- To jest właśnie to marzenie, ta komunikacja wizualna z nieznanym mi odbiorcą, który znajduje coś wspólnego w naszym sposobie patrzenia na świat – tłumaczy Rafał Olbiński, polski malarz, grafik i twórca plakatów.
Olbiński przyznaje, że najbardziej wzrusza się, gdy jego sztukę rozumieją i chcą oglądać zwykli ludzie. – Dwa lata temu kierowca autobusu w Nowym Orleanie kupił na raty mój obraz i do dziś płaci za niego 50 dolarów miesięcznie. To jest wzruszające, bo nie kupił go po to, by zainwestować, nie schował go do sejfu, ale kupił go, bo zakochał się w nim - opowiada artysta, który był gościem Polskiego Radia 24.

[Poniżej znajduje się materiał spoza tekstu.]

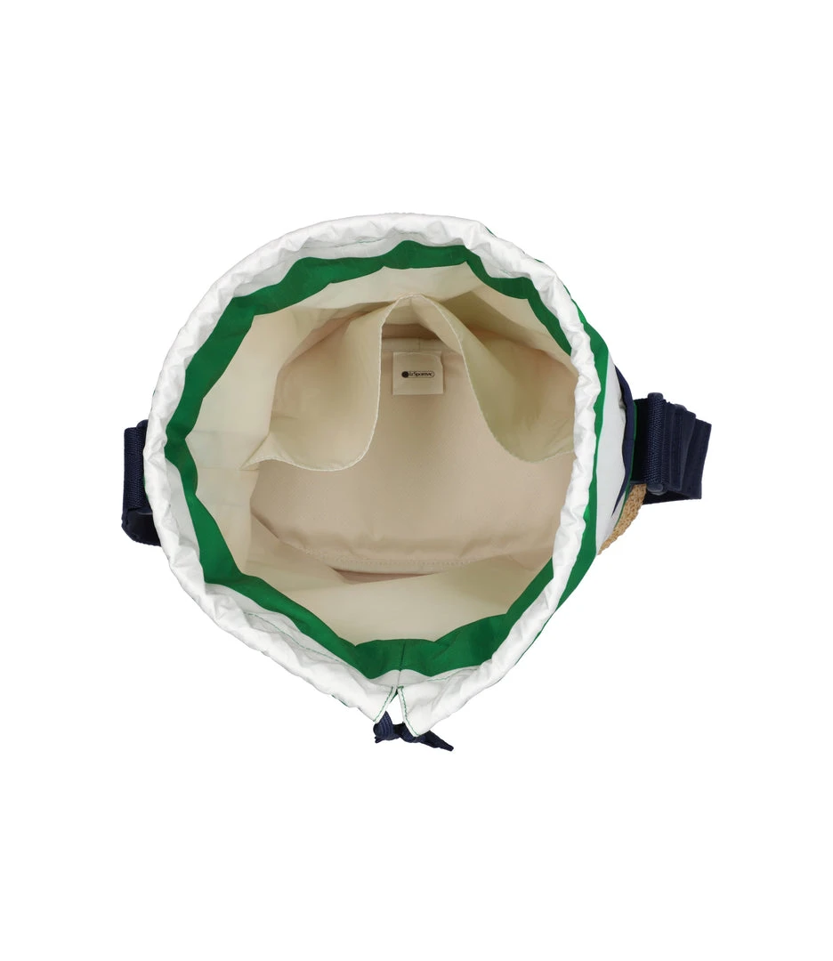 Drawstring main closure, Two interior back wall open pockets, 1.5in/3.8cm wide adjustable strap (Shortest Length: 27.55 in/ 70 cm, Longest Length: 49.6 inch/126cm)

Przyznaje, że dzięki swojej twórczości żyje na przyzwoitym poziomie. Pieniądze nie mają jednak dla niego większego znaczenia. – W Stanach Zjednoczonych artysta staje się znany, gdy ktoś płaci ogromne sumy za jego obraz obojętne, co by namalował – mówi. To jest obrzydliwe – dodaje Olbinski, który od kilkunastu lat mieszka w USA.
Wyznaje, że dla niego o wiele ważniejsze jest to czy sam jest zadowolony ze swojej twórczości. – Czy z obrazu bije sens życia, którego szukamy, czy dla tego, kto kupił mój obraz też jest to ważne, czy ta twórczość zmieniła jego życie na lepsze – tłumaczy Olbiński. – Tego nie da się traktować w kategoriach finansowych – wtrąca.
Zwierza się, że marzy o tym, aby za sto lat ktoś kupował jeszcze jego sztukę. – Każdy z nas marzy o nieśmiertelności - stwierdza.
Zachęcamy do wysłuchania całej rozmowy z plakacistą. Rafał Olbiński opowiada jak zaczynał swoją międzynarodową karierę, za co kocha Nowy Jork i nienawidzi Warszawy, czy spełnił już swoje wszystkie marzenia, jakim jest mężem, ojcem i mężczyzną?
Olbiński jest między innymi twórcą plakatu "Dwa teatry 2012" - Festiwalu Polskiego Radia i Teatru TVP.
Fragment Plakatu Festiwalu "Dwa Teatry - Sopot 2012"
Plakaty i ilustracje Rafała Olbińskiego są publikowane w najbardziej renomowanych czasopismach na całym świecie "Newsweek", "Time", "Business Week", "New York Times", "New Yorker".